¹ Laboratoire de Biochimie A, Hôpital Bichat, AP-HP, 75877 Paris Cedex 18, France

^aauthor for correspondence: fax 33-1-40-25-88-21, e-mail nathalie.seta@bch.ap-hop-paris.fr

Phosphomannomutase (PMM; EC 5.4.2.8) is a cytosolic enzyme that catalyzes the reversible conversion of mannose 6-phosphate to mannose 1-phosphate, a substrate for the synthesis of GDP-mannose, which is a nucleotide sugar required in glycosylation.

Previously known in yeast (1)(2), Van Schaftingen and Jaeken (3) described the enzyme in 1995 in humans and its deficiency in patients with congenital disorders of glycosylation (CDG) Ia, an autosomal recessive disorder characterized by psychomotor retardation and multisystemic involvement (4). PMM deficiency is related to the presence of mutations in the corresponding PMM2 gene (5). Most patients bear the very common R141H mutation, which is never found in the homozygous state because it is probably lethal (6).

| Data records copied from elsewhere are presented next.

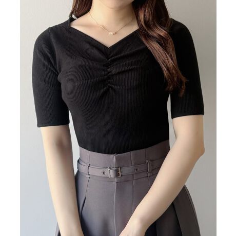 mipiarl フロントギャザー半袖リブニット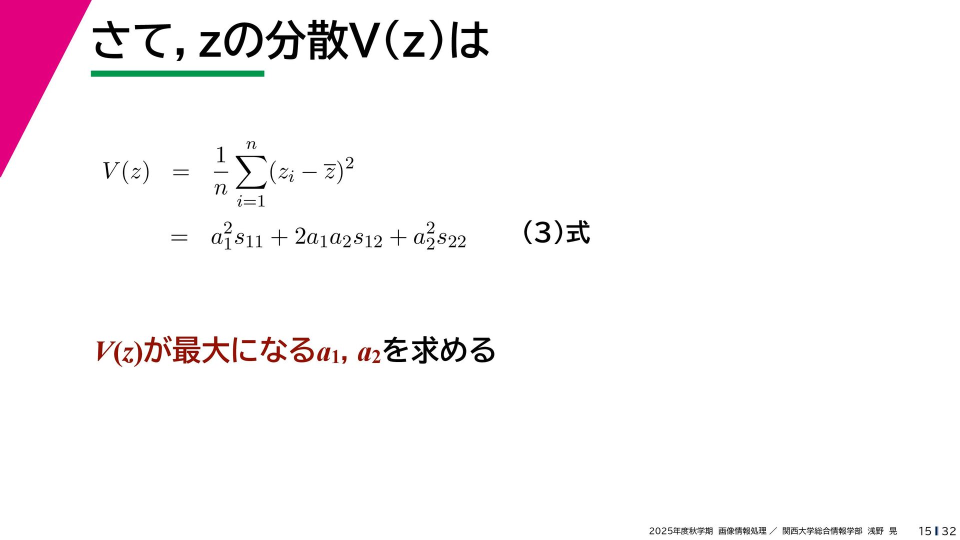 9. 32 2025年度秋学期 画像情報処理 / 関西大学総合情報学部 浅野 晃 さて,zの分散V(z)は 15 (3)式 V(z)が最大になるa1, a2 を求める V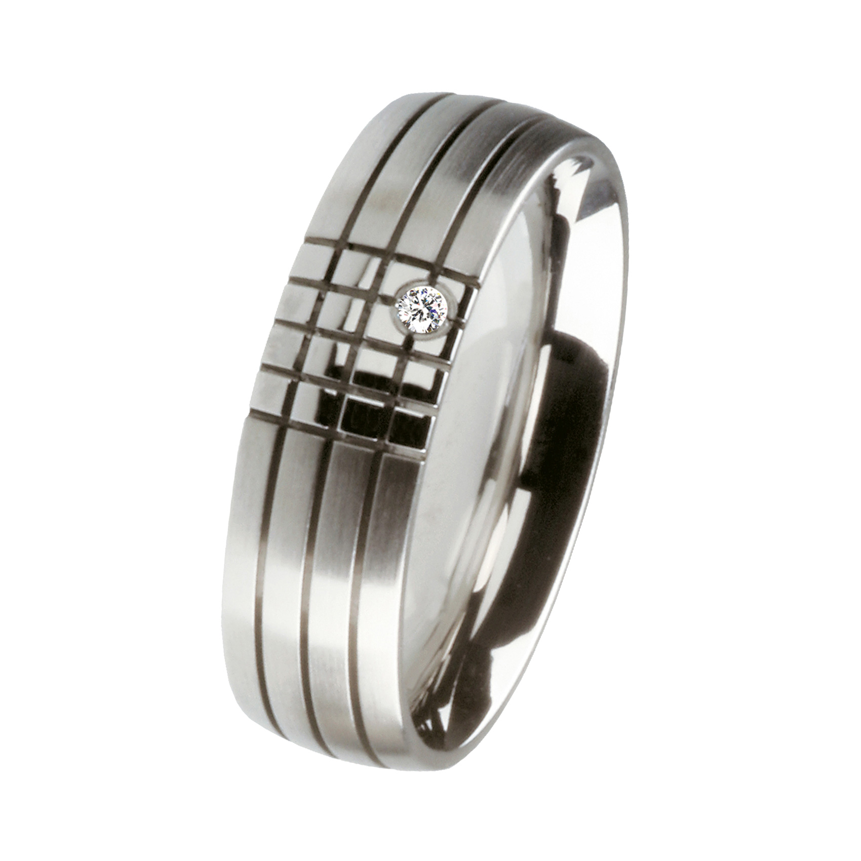 Ein besonderes Merkmal dieses Edelstahlrings aus unserer Manufaktur sind die Rauten, die durch die stilvoll matt polierte Oberfläche dem Ring Ausdruck verleihen. Der strahlende Brillant verleiht dem Ring zusätzlich ein Hauch Eleganz.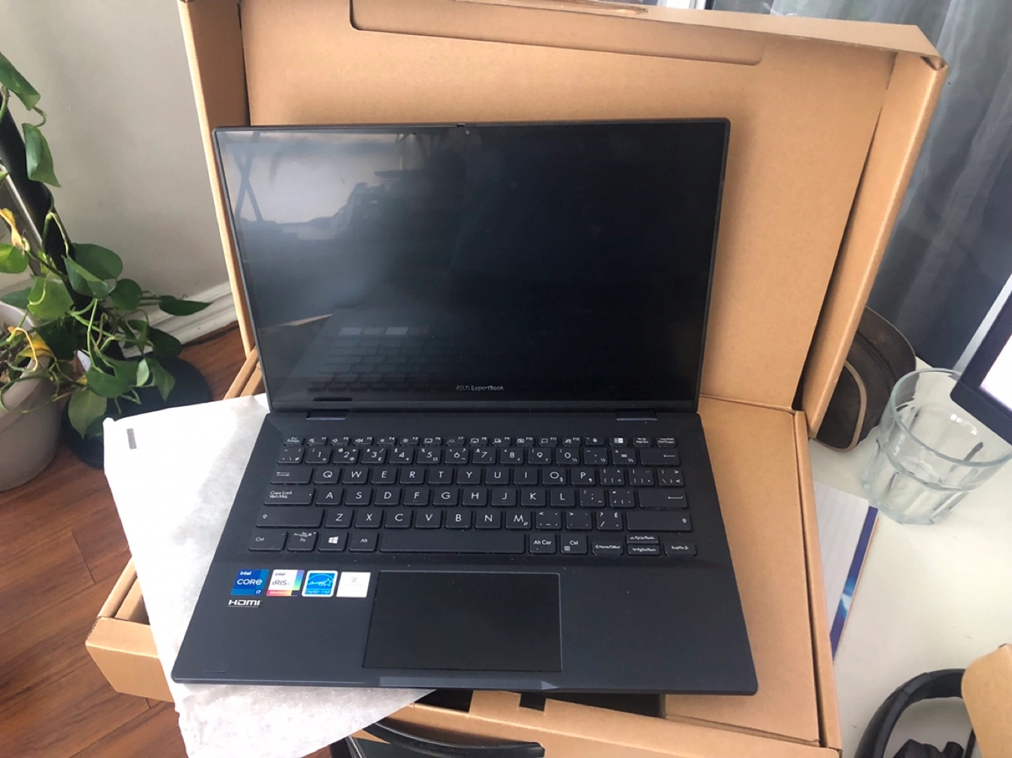 Asus expert book B5302FEA 13.3” OLED touchscreen laptop intel core i7 with free carry bag in black. Dark-colored laptop. Includes a keyboard and display. It can be rotated, allowing the screen to fold all the way around. A great tool for browsing in bed, or in a relaxing position.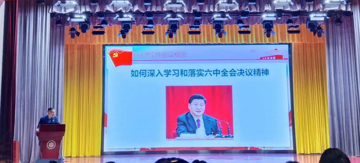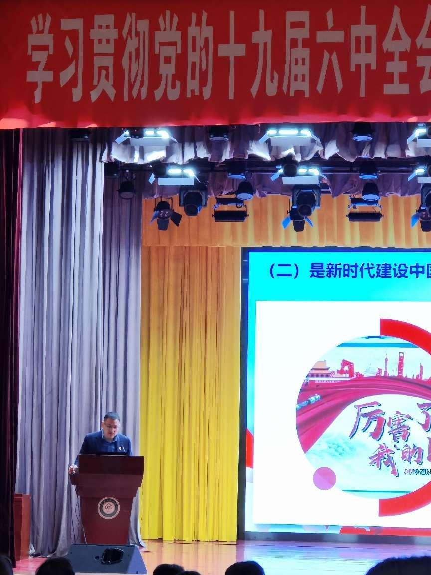 隨后,學院黨委書記黎大有為全體學員講授了題為《從黨的百年奮斗重大成就和歷史經驗中汲取智慧力量——學習黨的十九屆六中全會精神》的主題黨課。他以在重要歷史關頭召開的一次重要會議、黨在歷史上兩個重要的《歷史決議》、黨的十九屆六中全會取得的重要成果為脈絡,闡述了更加堅定自覺地踐行初心使命,在新時代更好地堅持和發展中國特色社會主義,具有重大現實意義和深遠的歷史意義。黎書記以“把握機遇,認真學習”、“把準方向,有效學習”、“把牢方法,善于學習”作為本次講座的結束語,勉勵學員們不負夢想、以史為鑒、開創未來。本次主題黨課是開班第一講,也是思想上的重要一課。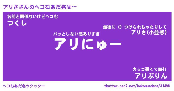 | ポケモン風あだ名 | 『アリチュウ』『アリサダネ』 |

Diagnosis of CDG Ia, screening for which involves evidence of abnormally glycosylated serum N-glycoproteins (7), is completed by measurement of cellular PMM activity. Authors who have published PMM activity results (3)(8)(9)(10)(11)(12)(13) have worked primarily on cultured fibroblasts and lymphoblasts or peripheral blood mononucleated cells (PBMCs). However, in most studies, the analytical conditions are described rather succinctly, no indication is given of the preanalytical conditions, and well-defined reference values are lacking. The aim of this study was to determine preanalytical conditions for the PMM assay measured in PBMCs from healthy individuals and the corresponding reference values, and to compare them with the results obtained for CDG Ia patients and their relatives.

Deindentified blood samples were obtained (from January 1999 to January 2001) from 414 individuals without CDG I (control group; age range, 1 month to 87 years), 25 CDG Ia patients for whom diagnosis was confirmed by the identification of PMM2 mutations, and 35 of their parents or relatives bearing one . . . [Full Text of this Article]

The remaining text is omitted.